A Nacho Marván, in memoriam
Hace poco más de cuatro años, hubo una rebelión electoral en el país. Marcados por una profunda huella de dolor, treinta millones de electores salieron a las urnas para defenestrar a la clase política que gobernó durante los primeros lustros de este Siglo e inyectar a México un nuevo aliento de esperanza: de manera democrática y pacífica, la gran mayoría le otorgó los mandos al líder que ofreció desterrar la corrupción, erradicar los privilegios, hacer cumplir los derechos y las leyes, respaldar siempre a los más pobres y garantizar la paz de la república. Eso sucedió el 1 de julio del 2018.
Empero, al llegar el mes de agosto del 2022, ese mismo lapso de cuatro años vuelve convertido en dato recurrente, como si fuera un estribillo de nuestras ilusiones traicionadas.
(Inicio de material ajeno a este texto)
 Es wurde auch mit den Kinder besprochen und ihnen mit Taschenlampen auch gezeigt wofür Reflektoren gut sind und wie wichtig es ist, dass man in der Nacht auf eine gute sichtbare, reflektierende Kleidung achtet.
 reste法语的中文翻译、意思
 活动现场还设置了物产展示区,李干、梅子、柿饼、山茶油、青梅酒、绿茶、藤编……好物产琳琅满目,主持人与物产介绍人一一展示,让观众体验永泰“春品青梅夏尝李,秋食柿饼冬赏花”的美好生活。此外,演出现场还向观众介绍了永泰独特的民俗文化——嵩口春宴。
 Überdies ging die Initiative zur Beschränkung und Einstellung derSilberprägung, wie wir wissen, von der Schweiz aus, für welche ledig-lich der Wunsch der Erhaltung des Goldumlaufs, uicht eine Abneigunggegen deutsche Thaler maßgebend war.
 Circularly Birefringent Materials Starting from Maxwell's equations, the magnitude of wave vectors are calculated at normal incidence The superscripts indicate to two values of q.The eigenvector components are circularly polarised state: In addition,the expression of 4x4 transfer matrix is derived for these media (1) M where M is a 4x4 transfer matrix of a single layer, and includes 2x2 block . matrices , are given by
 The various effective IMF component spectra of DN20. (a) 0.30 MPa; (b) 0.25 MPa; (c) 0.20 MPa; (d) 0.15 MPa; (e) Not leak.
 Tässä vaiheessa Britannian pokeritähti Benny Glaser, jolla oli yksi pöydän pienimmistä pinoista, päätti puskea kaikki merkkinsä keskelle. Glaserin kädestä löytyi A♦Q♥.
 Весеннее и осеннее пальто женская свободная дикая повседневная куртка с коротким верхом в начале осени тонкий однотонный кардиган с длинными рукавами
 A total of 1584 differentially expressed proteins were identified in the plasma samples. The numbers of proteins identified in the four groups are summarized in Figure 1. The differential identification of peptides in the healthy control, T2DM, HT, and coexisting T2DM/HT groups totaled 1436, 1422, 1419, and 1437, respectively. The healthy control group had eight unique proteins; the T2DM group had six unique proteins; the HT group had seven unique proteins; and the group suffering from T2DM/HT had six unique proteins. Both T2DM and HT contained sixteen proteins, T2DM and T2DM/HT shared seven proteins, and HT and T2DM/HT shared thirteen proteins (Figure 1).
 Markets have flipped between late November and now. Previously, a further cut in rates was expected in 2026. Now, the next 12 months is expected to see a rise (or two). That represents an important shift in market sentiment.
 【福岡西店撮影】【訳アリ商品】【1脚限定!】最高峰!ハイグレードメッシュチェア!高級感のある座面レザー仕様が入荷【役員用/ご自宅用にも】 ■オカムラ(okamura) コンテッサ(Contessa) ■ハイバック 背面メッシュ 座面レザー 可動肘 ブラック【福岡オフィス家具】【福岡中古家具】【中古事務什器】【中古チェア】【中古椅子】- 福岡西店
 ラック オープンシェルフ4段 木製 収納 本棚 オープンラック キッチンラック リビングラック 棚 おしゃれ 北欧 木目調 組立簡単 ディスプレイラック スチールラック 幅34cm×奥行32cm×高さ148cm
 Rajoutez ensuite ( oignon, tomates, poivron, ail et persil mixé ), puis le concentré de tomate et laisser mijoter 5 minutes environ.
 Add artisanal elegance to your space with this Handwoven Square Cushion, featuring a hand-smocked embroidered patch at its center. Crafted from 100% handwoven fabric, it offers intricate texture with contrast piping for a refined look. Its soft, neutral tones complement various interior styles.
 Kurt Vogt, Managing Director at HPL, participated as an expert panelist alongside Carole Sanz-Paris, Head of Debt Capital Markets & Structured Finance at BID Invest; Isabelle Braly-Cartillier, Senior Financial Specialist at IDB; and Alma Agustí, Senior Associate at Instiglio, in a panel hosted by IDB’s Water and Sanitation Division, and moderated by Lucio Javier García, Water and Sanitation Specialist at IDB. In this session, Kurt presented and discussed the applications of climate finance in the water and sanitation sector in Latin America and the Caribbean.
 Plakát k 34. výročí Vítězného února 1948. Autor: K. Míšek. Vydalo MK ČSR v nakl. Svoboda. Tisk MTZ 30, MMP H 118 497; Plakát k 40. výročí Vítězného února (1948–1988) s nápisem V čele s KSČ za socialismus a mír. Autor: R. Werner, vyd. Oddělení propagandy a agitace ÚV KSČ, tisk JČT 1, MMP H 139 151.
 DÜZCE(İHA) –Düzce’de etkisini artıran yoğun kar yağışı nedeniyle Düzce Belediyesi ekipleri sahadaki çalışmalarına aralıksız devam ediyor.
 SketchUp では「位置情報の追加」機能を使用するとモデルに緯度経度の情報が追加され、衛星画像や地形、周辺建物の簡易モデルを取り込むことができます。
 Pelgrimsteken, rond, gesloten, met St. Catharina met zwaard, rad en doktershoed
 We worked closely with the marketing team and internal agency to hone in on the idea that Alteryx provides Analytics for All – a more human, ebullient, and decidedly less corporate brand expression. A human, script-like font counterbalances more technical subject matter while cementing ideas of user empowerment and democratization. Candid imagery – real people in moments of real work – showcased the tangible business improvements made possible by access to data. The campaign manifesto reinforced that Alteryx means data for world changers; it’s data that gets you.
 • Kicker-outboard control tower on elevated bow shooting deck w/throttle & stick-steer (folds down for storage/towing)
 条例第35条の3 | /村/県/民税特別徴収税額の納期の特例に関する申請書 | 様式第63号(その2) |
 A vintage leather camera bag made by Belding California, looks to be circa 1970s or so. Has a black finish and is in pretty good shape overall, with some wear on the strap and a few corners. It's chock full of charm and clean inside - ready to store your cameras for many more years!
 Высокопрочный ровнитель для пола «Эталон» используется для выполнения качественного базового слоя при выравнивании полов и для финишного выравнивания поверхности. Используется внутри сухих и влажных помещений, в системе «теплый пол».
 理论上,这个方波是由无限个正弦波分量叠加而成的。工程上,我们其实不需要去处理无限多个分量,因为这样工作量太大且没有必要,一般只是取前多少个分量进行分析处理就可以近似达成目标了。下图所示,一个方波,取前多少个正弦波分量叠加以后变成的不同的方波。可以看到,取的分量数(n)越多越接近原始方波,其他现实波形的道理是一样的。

Un estudio reciente de la Universidad de California en Los Ángeles —dirigido por Patrik Heuveline y reproducido en varios medios— nos dice, por ejemplo, que la esperanza de vida en México ha disminuido cuatro años: hasta 2019, un niño recién nacido tenía una expectativa de vida de 72 años y una niña, de 78; hoy, la esperanza de los primeros ha caído a los 68 años y de las segundas, a los 74. En todo el mundo, la pandemia redujo la esperanza de vivir más tiempo. Pero sólo en ocho países se perdieron cuatro años o más; y entre ellos, México.
Otros estudios —publicados por la UNAM— nos informan que el rezago educativo acumulado en este lapso ha sido, también, de cuatro años. Más de cinco millones de personas abandonaron los estudios en el ciclo escolar 2020-2021 y aunque ese dato es parte de los efectos devastadores que ha tenido la pandemia, también sabemos, con certeza, que la deserción y la pérdida de estudios es, a un tiempo, causa y consecuencia de la pobreza que sigue lastimando a las personas más vulnerables del país. A la pérdida de cuatro años de esperanza de vivir, se suma la de estudiar cuatro años menos.
Por otra parte, la Comisión Económica para América Latina (CEPAL) ha calculado que este año podrían caer en pobreza otras 2 millones y medio de personas. Entre el 2008 y el 2018 —y a pesar de todos los errores y de los abusos cometidos en aquel periodo—, la población en situación de pobreza había disminuido del 44.4 por ciento al 41.9, pero al final del 2022 —cuatro años después— habremos vuelto a las cifras que teníamos cuando el Coneval empezó a medir las carencias multidimensionales y no sólo la distribución de los ingresos.
Lamentablemente, a esta lista debe añadirse el acceso a los servicios de salud y la distribución de medicamentos e insumos médicos en las instituciones públicas: en el mejor de los casos, al concluir el 2022 habremos vuelto a los niveles que teníamos en el 2018 —como revelan los datos publicados en www.cerodesabasto.org— y, en el peor, no será sino hasta el final de este sexenio cuando hayamos recuperado todos estos años, en los que más de 50 millones de recetas médicas habrán quedado sin surtir por el Estado.
No tengo ninguna duda sobre el dolor que estos datos deben causarle al presidente que se propuso cambiar la historia; tampoco ignoro la profundidad de la crisis global que explica algo de eso y que arrastra a todo el mundo. Suponer que se han perdido cuatro años como estrategia maquiavélica para acumular poder en un solo hombre es una tontería monumental: ningún jefe de Estado es enemigo de su propia obra; y a estas alturas, nadie debería escatimarle el triunfo del argumento igualitario.
Pero las palabras no suplen a los hechos. Afirmar que el país está atravesando por su mejor momento y que todas las decisiones deben mantenerse intactas ya sería no sólo obtuso sino abyecto. No. México no sólo ha sido víctima del mundo sino de la ambición, de la impericia y los prejuicios de quienes lo gobiernan.